Il est des rencontres décisives. Ainsi celle qu’a faite Jacques Pourcher du Mémorial Brion, œuvre de l’architecte italien Carlo Scarpa (1906-1978), un îlot éloigné de tout, sis à San Vitalo d’Attivole, près de Trévise. Aux dires de l’artiste, un lieu exceptionnel tout entier voué au silence, à la contemplation et au retrait. Comme un pré carré planté de cyprès, au beau milieu d’une immense plaine, abritant une sorte de mausolée à l’architecture d’une totale pureté et à la décoration mosaïque influencée par Byzance. S’il n’est guère prisé des guides, le Mémorial Brion l’est des plus grands, et les architectes contemporains y font volontiers pèlerinage. En quête d’essentialité, Jacques Pourcher y a jeté son dévolu, y puisant les motifs de toute une série de travaux récents qui sont le prétexte de son exposition chez Nouvelet. L’art de cet artiste résolument discret, sinon secret, relève d’un travail d’une extrême méticulosité qui en appelle tout à la fois au dessin et à la musique.

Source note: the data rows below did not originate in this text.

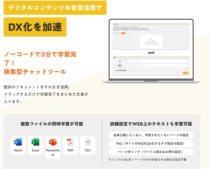また、ファイルだけではなくWebサイトを学習することも可能。そのため、従来のチャットボット製品と異なり、チャットボット用のFAQやシナリオを作成するなどの手間が大幅に軽減できます。
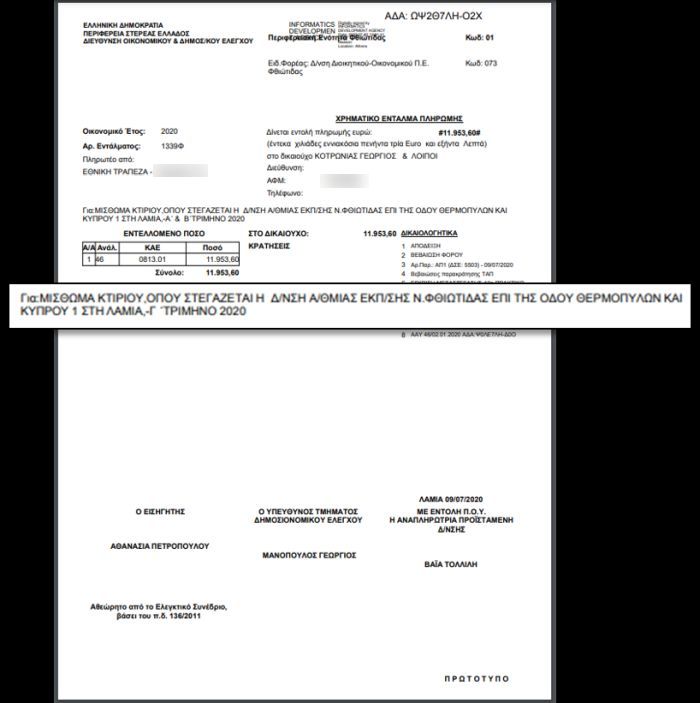 Το συγκεκριμένο κτίριο, όπου στεγάζει και το πολιτικό του γραφείο, το μισθώνει σε υπηρεσία του δημοσίου και συγκεκριμένα στη Διεύθυνση Πρωτοβάθμιας Εκπαίδευσης Ν. Φθιώτιδας!
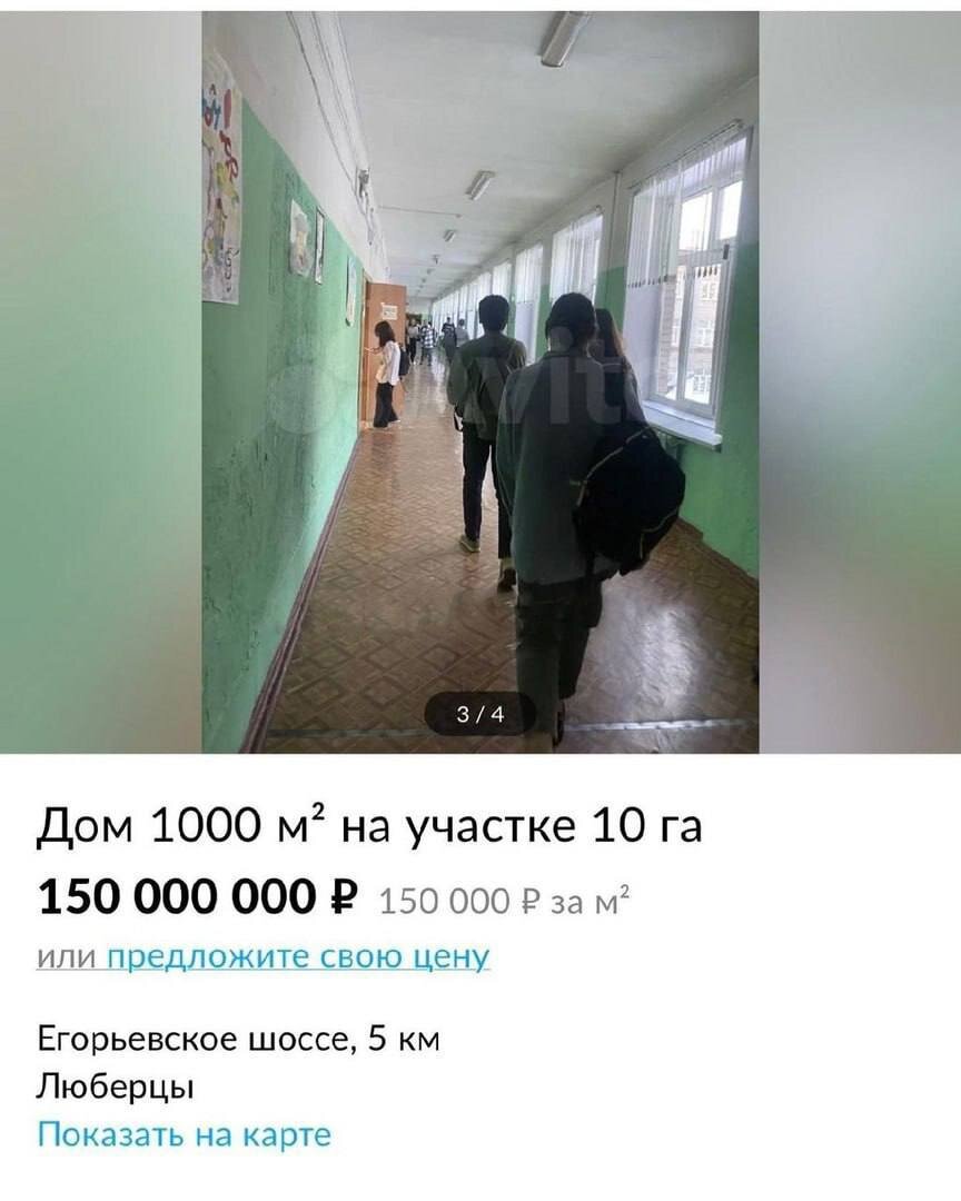 Забавная и абсурдная история приключилась в подмосковных Люберцах. На Авито появилось объявление о продаже огромного дома – 1000 кв.м на 10 га. Продавец просил 150000 рублей за квадратный метр. Однако при детальном изучении достоинств объекта выяснилось, что это… школа! При чем не какие-нибудь руины, ремонтировать которые руки не доходят, а вполне себе обычное образовательное учреждение, в котором дети учатся. Даже фотографии внутреннего интерьера не позволяли выдвигать какие-либо другие варианты. В местных пабликах поначалу гадали, кто такой «умный» остряк-самоучка. Оказалось – дети! Представьте себе, дети натурально выставили школу на продажу! Им так долго твердили, мол, «школа – второй дом», что некоторые, твердо уверовав в этот постулат, решили монетизировать излишки имеющейся недвижимости. Рассудили мудро: дом, дескать, и так имеется, ни к чему барствовать и недвижимостью обрастать, поэтому продать все, пока есть возможность. Ну, шучу, шучу… Разумеется, что там думали себе дети,

La composition pour orchestre que Luigi Nono a créée pour Scarpa est ainsi à l’origine d’une série de gouaches « microtonales » que Pourcher a constituées sur le mode de la suite, en écho aux variations de la ligne musicale horizontale/verticale du compositeur, elles-mêmes déduites des combinaisons de lignes infinies de l’architecte.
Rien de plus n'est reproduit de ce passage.